_Data block:_
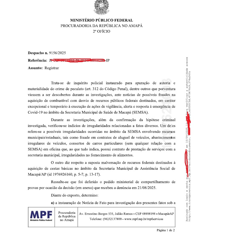 Documentos obtidos com exclusividade pelo ConectAmapá mostram que o Ministério Público Federal (MPF) apresentou denúncia formal contra servidores públicos e empresários envolvidos em um esquema de desvio de verbas destinadas ao combate à pandemia da Covid-19, na Prefeitura de Macapá (AP), durante a gestão do prefeito Antônio Furlan (MDB).
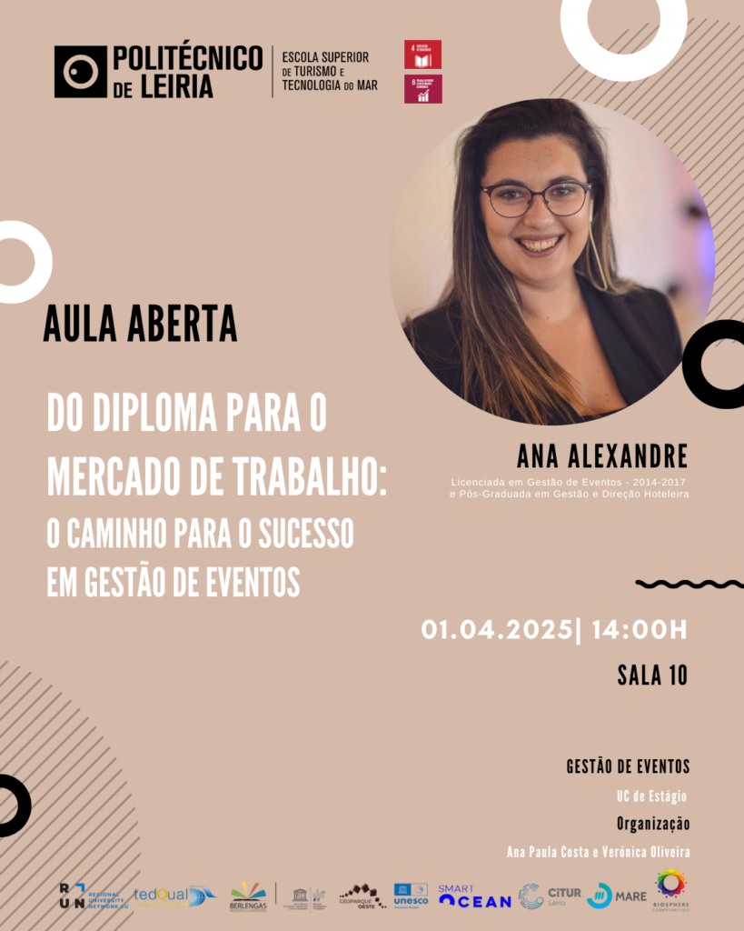 No dia 1 de abril de 2025, às 14h00, a ESTM – Politécnico de Leiria recebe Ana Alexandre, licenciada em Gestão de Eventos e pós-graduada em Gestão e Direção Hoteleira, para uma aula aberta dedicada ao tema “Do Diploma para o Mercado de Trabalho: O Caminho para o Sucesso em Gestão de Eventos”.
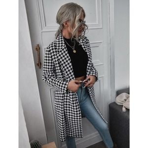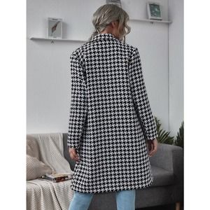 Lapel Collar Double Breasted Houndstooth plaid long pea Coat peacoat trench coat
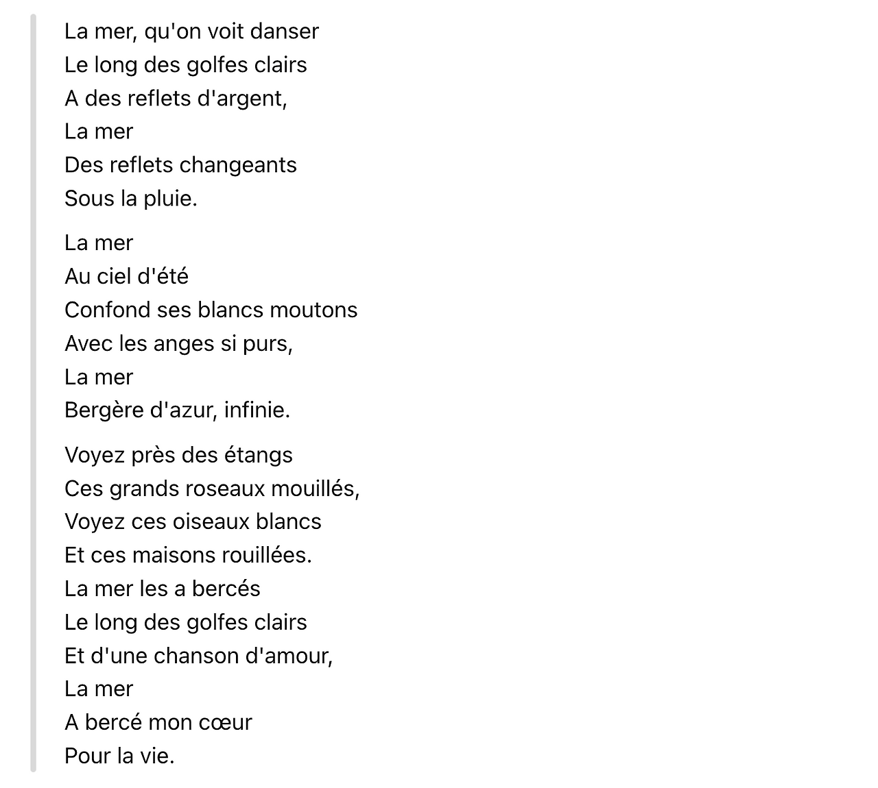 〈La Mer〉(바다)는 그가 16세 무렵에 쓴 시를 바탕으로 훗날 곡으로 작곡한 작품입니다. 이후 이 곡은 영미권에서 "Beyond the Sea"라는 제목으로 번안되어 널리 알려졌고, 아마 그런 이유로 저에게까지 닿게 된 것일 겁니다.

_What is required:_
When a line carries an image, skip the image and repeat everything else above exactly as written.

_Exercise result:_
 Documentos obtidos com exclusividade pelo ConectAmapá mostram que o Ministério Público Federal (MPF) apresentou denúncia formal contra servidores públicos e empresários envolvidos em um esquema de desvio de verbas destinadas ao combate à pandemia da Covid-19, na Prefeitura de Macapá (AP), durante a gestão do prefeito Antônio Furlan (MDB).
 No dia 1 de abril de 2025, às 14h00, a ESTM – Politécnico de Leiria recebe Ana Alexandre, licenciada em Gestão de Eventos e pós-graduada em Gestão e Direção Hoteleira, para uma aula aberta dedicada ao tema “Do Diploma para o Mercado de Trabalho: O Caminho para o Sucesso em Gestão de Eventos”.
 Lapel Collar Double Breasted Houndstooth plaid long pea Coat peacoat trench coat
 〈La Mer〉(바다)는 그가 16세 무렵에 쓴 시를 바탕으로 훗날 곡으로 작곡한 작품입니다. 이후 이 곡은 영미권에서 "Beyond the Sea"라는 제목으로 번안되어 널리 알려졌고, 아마 그런 이유로 저에게까지 닿게 된 것일 겁니다.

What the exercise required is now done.